RE:RE:Sell me RioCan
materialsgirl wrote: Lacas24.
I intuit that you are just clowning around. As always, the things
to look for are;
1 intrinsic strength of properties and tenants
2. The balance sheet
3 development and nature of newly built assets
4 The share price as compared to NAV
This factor is huge.
Riocan has a massive development pipeline where the
NAV of each new asset will rise by ~30% immediately
upon completion.
This happens if the land is free (already exists) and when
the REIT participates in the construction profits.
The development pipeline includes condo residences which will be sold at a profit and ~ 10,000 multi-res rental apartments. They already have 2,000 or 3,000 rental apartments. This expansion into multi-res will shift the nature of RIOCAN in a major good way.
The negative side is that enclosed malls are in bad shape until 6 months after a vaccine is approved. Retailers that sell fashion goods are in trouble. Fashion outlets situated in the middle of an enclosed mall are hopelessly challenged in many cased.

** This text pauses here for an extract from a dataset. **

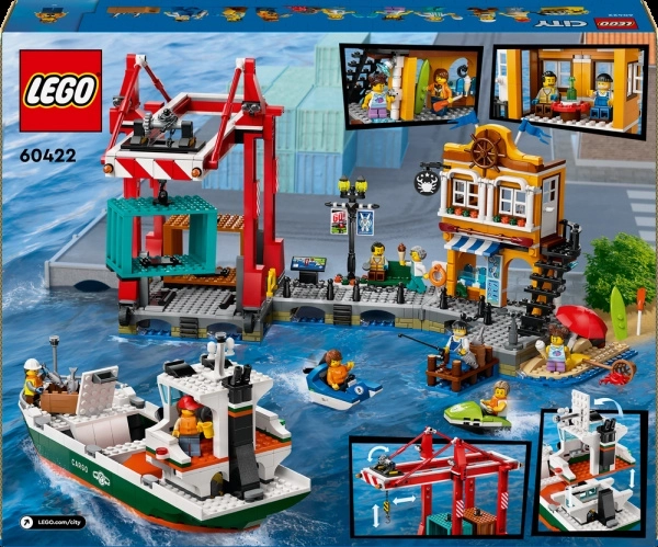 Entdecken Sie den LEGO City Seehafen mit Frachtschiff – ein detailreiches Set für Kinder ab 8 Jahren mit einem funktionierenden Containerkran, einem großen Schiff, Laden, Restaurant, Strand und 8 Minifiguren für endlose Abenteuer.

Nonetheless, we will get a spring back at the end of Spring 2020 if there is an effective vaccine.
$22 a share will happen very quickly.
mat
Matt,
Have to disagree about enclosed malls. Some malls are in bad shape and were pre covid. What is happening is consolidation into the higher sales per sq ft malls. One mall per 100,000 150,000 people seems to the realistic average. The days of a mall for every 50,000 is gone. This will drive traffic to the survivors.
Selling appearal at a mall is much cheaper than online. This was confirmed by all retailers including Nike, Lululelom, Vans, Addidas, L brands etc. They want to drive retail to physical store. Brick and Mortar lease costs cents vs $10 for ship to home per product.
Omni channel is new normal and retailers want online order, pickup in store. This is the most profitable route period.